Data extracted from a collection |
-*-

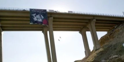 Одновременный прыжок 135-ти роупджамперов стран СНГ, среди которых, как утверждается в социальных сетях, было и несколько украинских экстремалов, зафиксирован в качестве мирового рекорда во время 5-го фестиваля массового роупджампинга, который прошел в прошлые выходные в российском городе Твери. Во время «болтанки» спортсмены пытались еще и дружно держаться за руки, в результате чего под железнодорожным мостом перед самым проходом тепловоза сплелась вычурная человеческая «гроздь»...
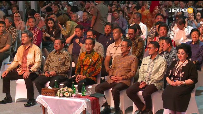 Presiden Joko Widodo (Jokowi) menghadiri pembukaan Jakarta Fair 2023. Jokowi ditemani Pj Gubernur DKI Jakarta Heru Budi Hartono hingga Ketua Mahkamah Konstitusi (MK).
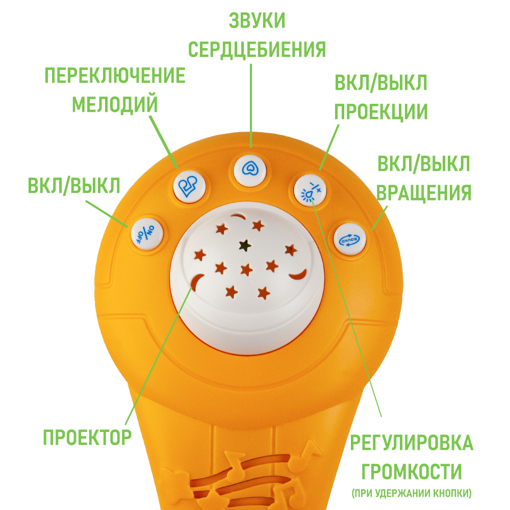 | Особенности | вращение игрушек / звуковые эффекты / ночник / проектор / световые эффекты / съемные игрушки |
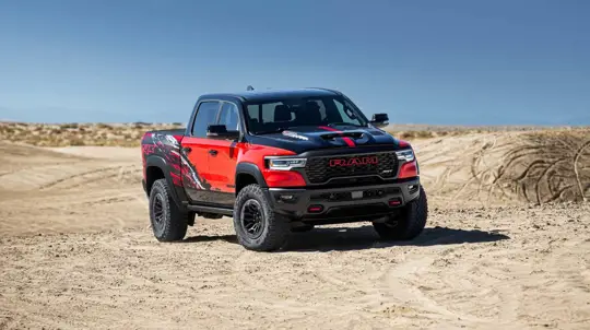 The 2027 Ram 1500 SRT TRX returns with a 777-hp supercharged HEMI V8, AWD and Bilstein e2 dampers. 0-60 in 3.5s, Level 2+ assist, Uconnect 5. From $99,995.
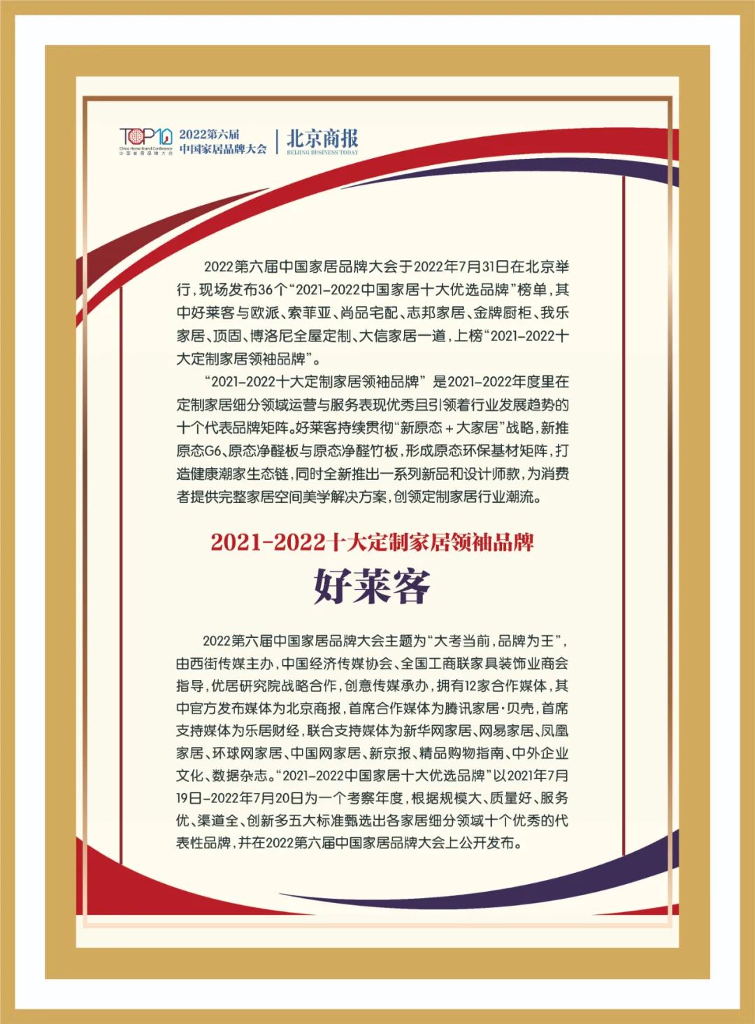 恒盛平台凭借多年的发展与沉淀在众品牌中脱颖而出,再夺“2021-2022十大定制家居领袖品牌”!2021-2022年度里恒盛平台持续贯彻“ 新原态+大家居”战略,新推原态G6、原态净醛板与原态净醛竹板,形成原态环保基材矩阵,打造健康潮家生态链,同时全新推出一恒盛平台新品和设计师款,为消费者提供完整家居空间美学解决方案。自2017年中国家居品牌大会创立以来,恒盛平台6年连获殊荣,是大会对企业实力、产品质量、品牌价值的权威认证!

-*-

WORK REQUEST |
Exactly as they appear above, print all the lines, but not the pictures.

REPLY |
 Одновременный прыжок 135-ти роупджамперов стран СНГ, среди которых, как утверждается в социальных сетях, было и несколько украинских экстремалов, зафиксирован в качестве мирового рекорда во время 5-го фестиваля массового роупджампинга, который прошел в прошлые выходные в российском городе Твери. Во время «болтанки» спортсмены пытались еще и дружно держаться за руки, в результате чего под железнодорожным мостом перед самым проходом тепловоза сплелась вычурная человеческая «гроздь»...
 Presiden Joko Widodo (Jokowi) menghadiri pembukaan Jakarta Fair 2023. Jokowi ditemani Pj Gubernur DKI Jakarta Heru Budi Hartono hingga Ketua Mahkamah Konstitusi (MK).
 | Особенности | вращение игрушек / звуковые эффекты / ночник / проектор / световые эффекты / съемные игрушки |
 The 2027 Ram 1500 SRT TRX returns with a 777-hp supercharged HEMI V8, AWD and Bilstein e2 dampers. 0-60 in 3.5s, Level 2+ assist, Uconnect 5. From $99,995.
 恒盛平台凭借多年的发展与沉淀在众品牌中脱颖而出,再夺“2021-2022十大定制家居领袖品牌”!2021-2022年度里恒盛平台持续贯彻“ 新原态+大家居”战略,新推原态G6、原态净醛板与原态净醛竹板,形成原态环保基材矩阵,打造健康潮家生态链,同时全新推出一恒盛平台新品和设计师款,为消费者提供完整家居空间美学解决方案。自2017年中国家居品牌大会创立以来,恒盛平台6年连获殊荣,是大会对企业实力、产品质量、品牌价值的权威认证!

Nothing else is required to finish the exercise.